Debuting in June 2007, ToMU has captivated one of the largest online reader audiences, and its popularity is well-deserved. The author, Alexandra Erin, manages a diverse cast of characters, featuring multiple races, psychological profiles, histories and motivations. The serial touches on themes of racism, sexuality, religion and spirituality, morality and gender. Ms. Erin, often referred to as AE, is a brilliant writer, capable of action, comedy, horror and eroticism, all within the same chapter at times.
AE is a truly gifted writer, with nuances and details to spare in her rollicking tale. No one could question the imagination at work here, regardless of whether or not readers can agree with her viewpoints. And the debates in the comment section can be even more entertaining than the chapters themselves!

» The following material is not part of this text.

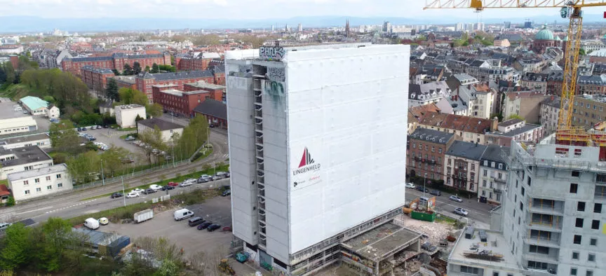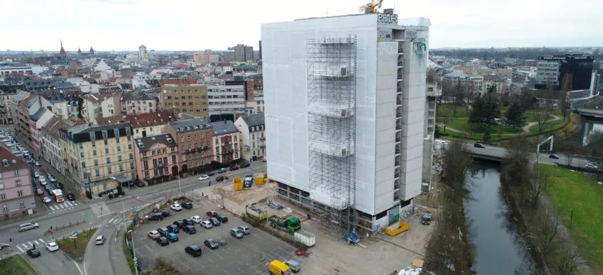 Un échafaudage périphérique au bâtiment avec confinement thermosoudé a été mis en place afin de créer une structure pour le désamiantage extérieur.

If I have any complaints about ToMU, they are on a personal, subjective level, and have nothing to do with the quality of writing. My favourite characters are side characters, like the golem Two and the subterranean elf Dee. They have unique voices and interesting character arcs. Things that seem important to me as plot developments, like Mackenzie’s demonic heritage and hellish potential for evil, seem to be less important to the writer than her love life, which is the least realistic thing about the story. At last count, she had three committed lovers of varying species, and at least four other people interested in her. Not bad for a self-proclaimed anti-social repressed "nerd."
(My personal theory is that Mackenzie’s demonic powers affect the people around her, but that is yet unproven—if that turns out to be the case, what seems unrealistic will suddenly make sense. I’m mercurial, I am. However, her scent has been confirmed to cause responses in others.)

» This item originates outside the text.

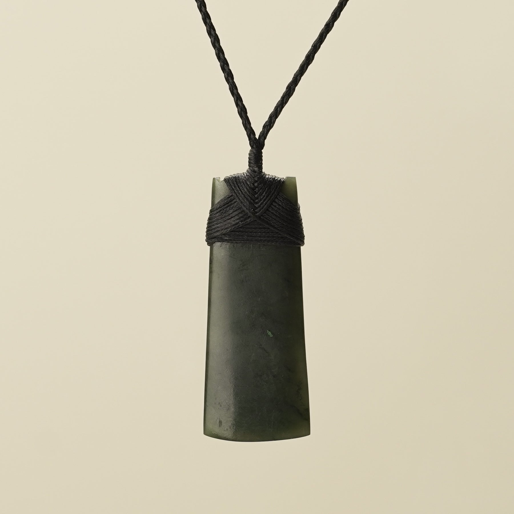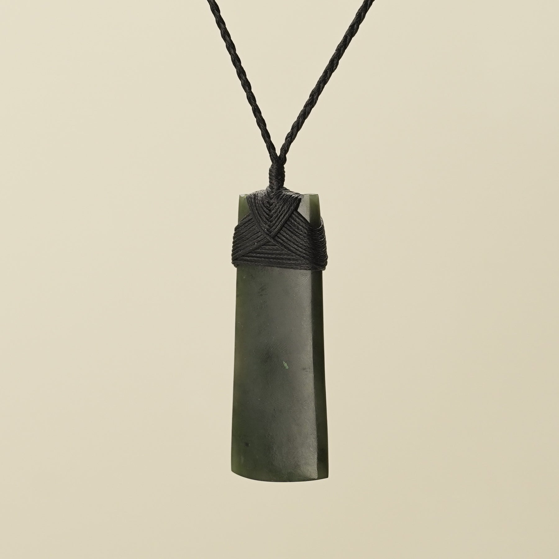 Carved from Kawakawa greenstone in our Arrowtown workshop, this Toki pendant symbolises strength, leadership, and resilience. Available in two shades of green—light and dark—you can choose the greenstone hue that resonates with you. It features an adjustable hand-woven black cord and comes packaged in an eco-friendly box with cards explaining its meaning and care. Traditionally worn by chiefs, the Toki carries the mana and spirit of its holders, representing power, wisdom, and courage through adversity.

Mackenzie, Two and Dee are dynamic characters, changing over the course of the story. Amaranth, (a nymph) and Steff (a half-elf) are particularly static characters, spinning in circles within their own personalities and affecting Mackenzie and the plot as a result. Chapters featuring them tend to bore me. It’s not Amaranth’s fault: she’s semi-divine and unlikely to change unless she gives up her divinity to become human. And Steff is frozen in place by past trauma, a victim of abuse. It just gets boring to read about them for years and know only a few months have passed in "story time."
AE has recently skipped the story from Mack’s first semester to sophmore year,and all that’s really accomplished is to gloss over the plot developments of the previous year and give us a fresh dose of Mack adjusting to her classes. So far, despite flashes of brilliance in each indiviual chapter as writing for writing’s sake, the overall story has a lot of wasted opportunities regarding its massive cast and numerous subplots. The story lacks focus, and jumping from freshman year to sophomore seems mainly to have left a lot of those threads dangling.

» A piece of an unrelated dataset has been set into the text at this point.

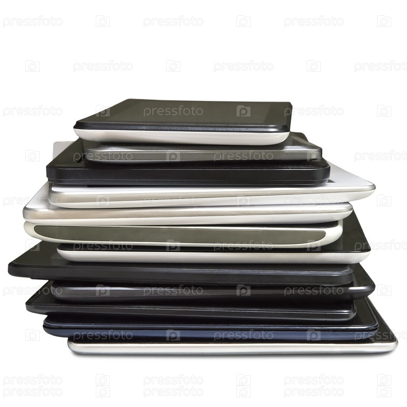 Стопка планшетов для ремонта, изолированная на белом фоне

ToMU is a work of art, and it inspires debate and conflict and admiration. I used to say that if you read nothing else online, it’s worth your time. However, the longer things go on, the less that seems to be true. I’ve stopped reading it because after four years invested in the story world, nothing of great significance has been revealed about Mack or the direction of her life, and the characters that are the most interesting get less and less screen time. I don’t want to waste another four years finding out if it goes anywhere.